Let's move on to the articles in the book. Today, I will like to share more about the second article, how do conmen get rich, which reminds me of the phrase "when something sounds too good to be true, it probably is".

In particular, the football con detailed the experience of George Tindle, a football fan who was being sent many free tips on which football team will win in the coming match. As it turned out, the scam was deceptively simple.

To start with 8,000 emails were sent out to people known to have some sort of interest in football. All possible outcomes were being sent to different recipents. For example in the first match between Team A and B, there would be 4,000 emails "predicting" Team A as the winner and the remaining 4,000 emails betting Team B. Of course, 4,000 would be "right", while the other half would delete the email and think no more about it. This is repeated for the next match. Due to the sheer size of emails in the start point, there would still be a few hundreds around 5 rounds. 250 to be exact (you could work out the math but that is not the point) and they would be immensely impressed so much so that some would be willing to hand over money to the organiser in exchange for a "good tip".

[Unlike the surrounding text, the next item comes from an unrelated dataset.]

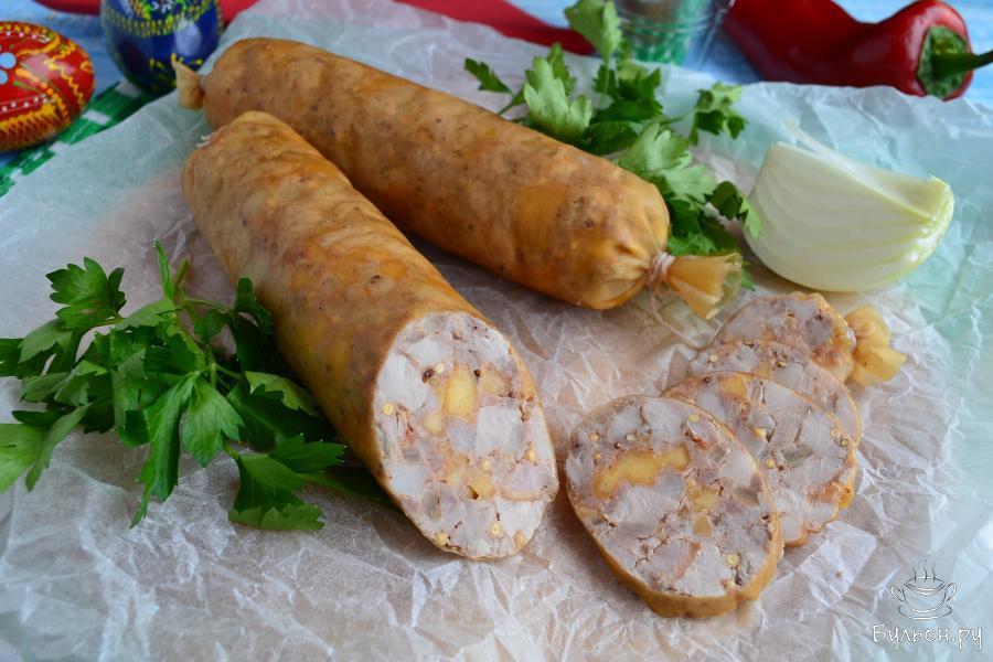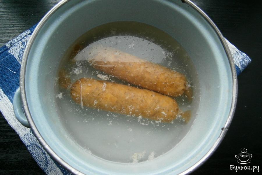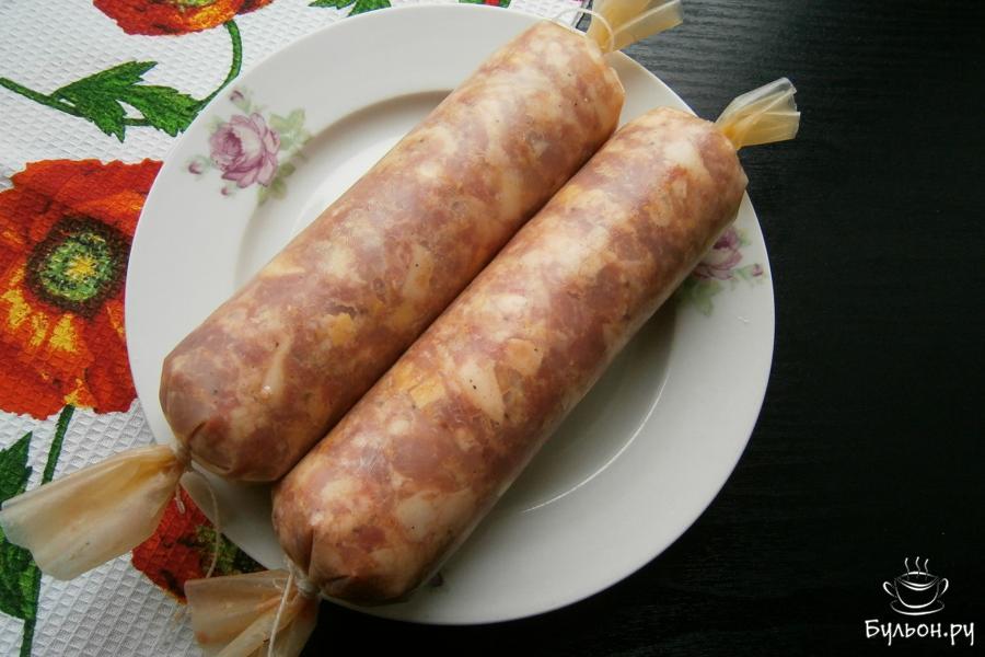 10. После приготовления, колбасу сразу же залить водой из-под крана минут на 15, после чего обсушить, дать остыть полностью и отправить в холодное место на несколько часов, лучше - на ночь.

This concept reminded me of what Malcolm Gladwell shared in his article "Blowing Up". http://www.gladwell.com/2002/2002_04_29_a_blowingup.htm. The relevant excerpt is reproduced as follows:


For Taleb, then, the question why someone was a success in the financial marketplace was vexing. Taleb could do the arithmetic in his head. Suppose that there were ten thousand investment managers out there, which is not an outlandish number, and that every year half of them, entirely by chance, made money and half of them, entirely by chance, lost money. And suppose that every year the losers were tossed out, and the game replayed with those who remained. At the end of five years, there would be three hundred and thirteen people who had made money in every one of those years, and after ten years there would be nine people who had made money every single year in a row, all out of pure luck. Niederhoffer, like Buffett and Soros, was a brilliant man. He had a Ph.D. in economics from the University of Chicago. He had pioneered the idea that through close mathematical analysis of patterns in the market an investor could identify profitable anomalies. But who was to say that he wasn't one of those lucky nine? And who was to say that in the eleventh year Niederhoffer would be one of the unlucky ones, who suddenly lost it all, who suddenly, as they say on Wall Street, "blew up"?

I hope I have convinced you that mathematics is everywhere and we can apply it in our day-to-day life as long as we make an effort to do so. Do it, it's FUN!